• **EXERCISE**:
Please set down each of the lines below once more, exactly, omitting all pictures.

Dataset excerpts:
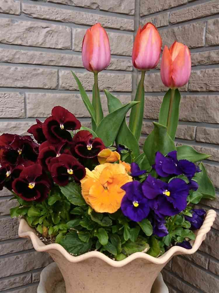 色とりどり春の雰囲気バッチリの素敵な寄せ植えですね🌼🌸🌷
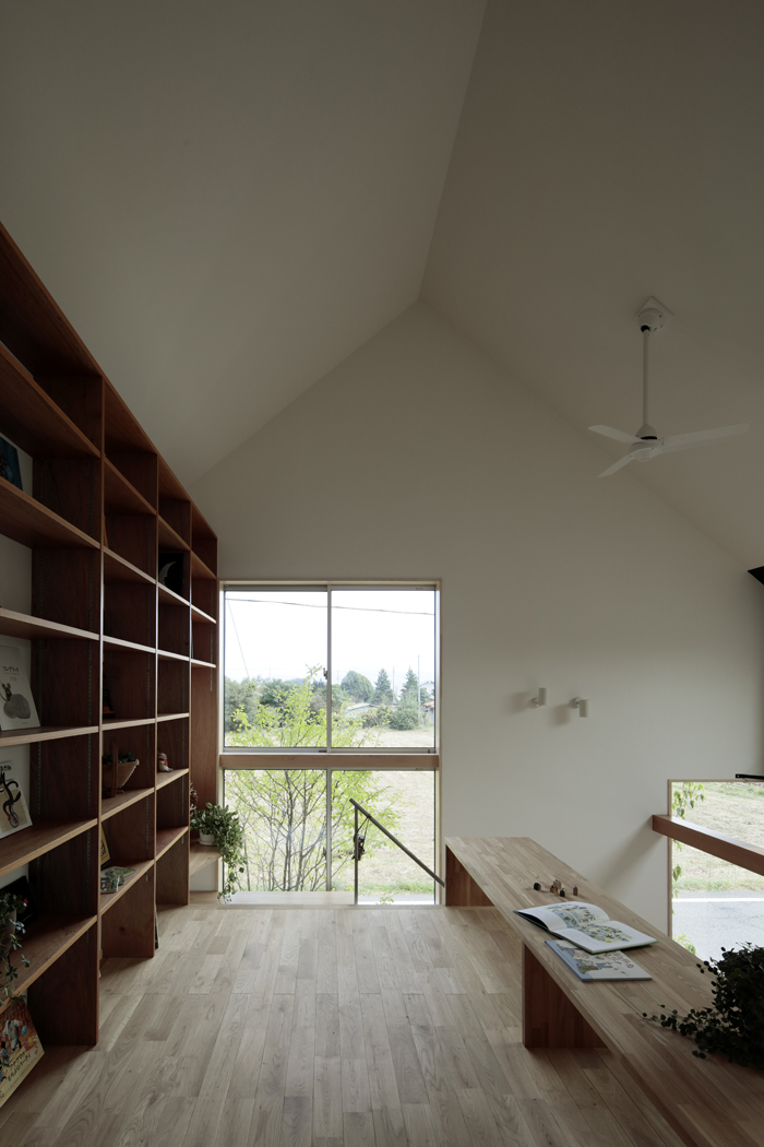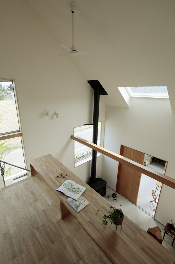 นอกจากนี้ บริเวณพื้นที่ชั้นลอยของบ้าน ยังออกแบบให้มีเคาน์เตอร์ยาวเล็ก ๆ เอาไว้อีกด้วย จึงสามารถใช้เป็นพื้นที่สำหรับนั่งอ่านหนังสือ หรือดื่มกาแฟได้เป็นอย่างดี
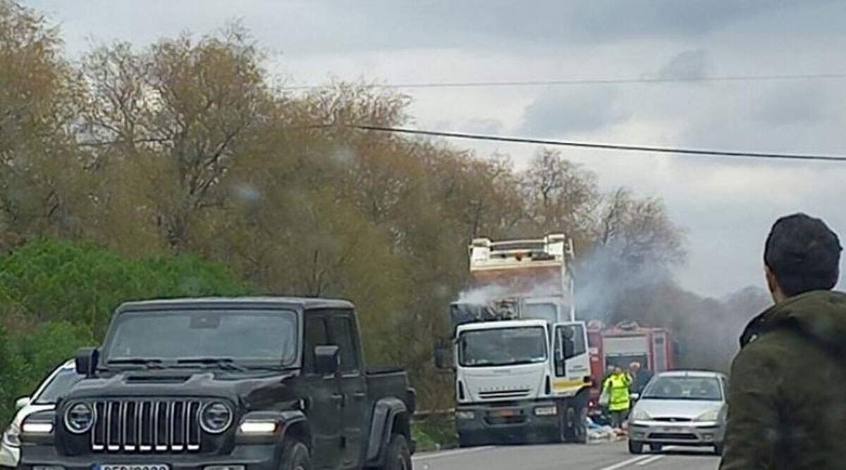 Φωτιά ξέσπασε στο φορτίο απορριμματοφόρου που κινούνταν στην Εθνική Οδό στο ύψος του Σταυρωμένου στο ρεύμα προς Ρέθυμνο.
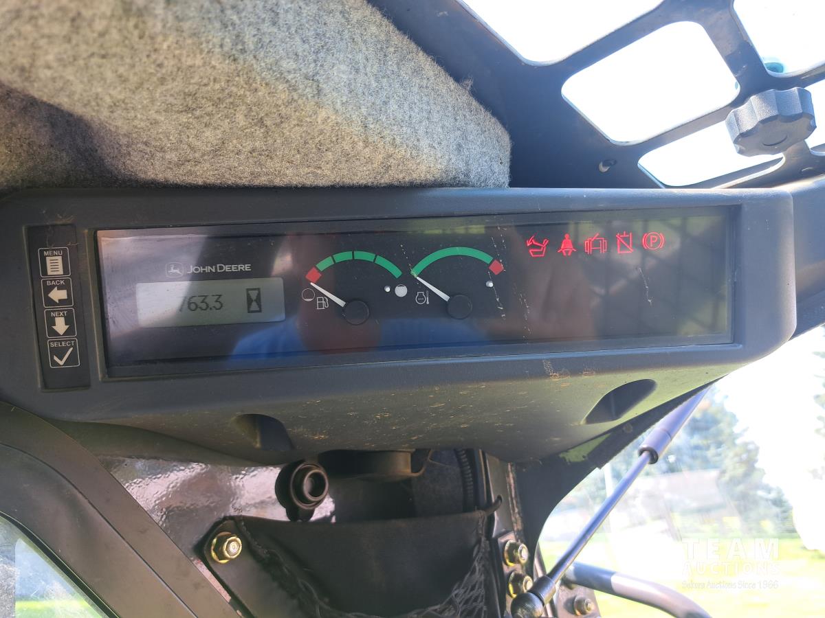John Deere 70 inch smooth bucket, Q/A, cab, AC, heat, joy stick controls, Aux hydraulics, 12-16.5 tires
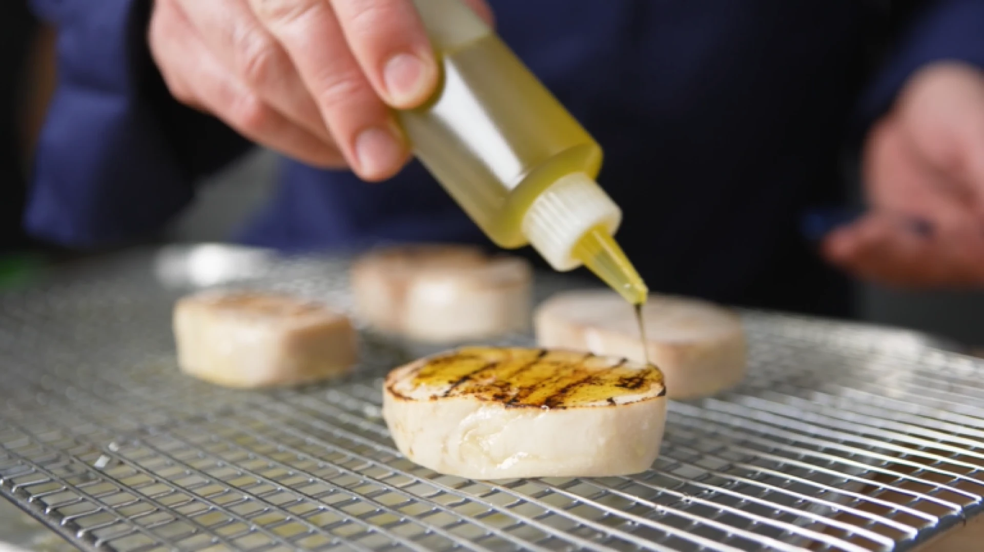Remove from the water bath. Using a wired rack, open the bag and allow the fish to rest on the rack to drain the excess liquid from the cooking process.

• **REPLY**:
 色とりどり春の雰囲気バッチリの素敵な寄せ植えですね🌼🌸🌷
 นอกจากนี้ บริเวณพื้นที่ชั้นลอยของบ้าน ยังออกแบบให้มีเคาน์เตอร์ยาวเล็ก ๆ เอาไว้อีกด้วย จึงสามารถใช้เป็นพื้นที่สำหรับนั่งอ่านหนังสือ หรือดื่มกาแฟได้เป็นอย่างดี
 Φωτιά ξέσπασε στο φορτίο απορριμματοφόρου που κινούνταν στην Εθνική Οδό στο ύψος του Σταυρωμένου στο ρεύμα προς Ρέθυμνο.
John Deere 70 inch smooth bucket, Q/A, cab, AC, heat, joy stick controls, Aux hydraulics, 12-16.5 tires
Remove from the water bath. Using a wired rack, open the bag and allow the fish to rest on the rack to drain the excess liquid from the cooking process.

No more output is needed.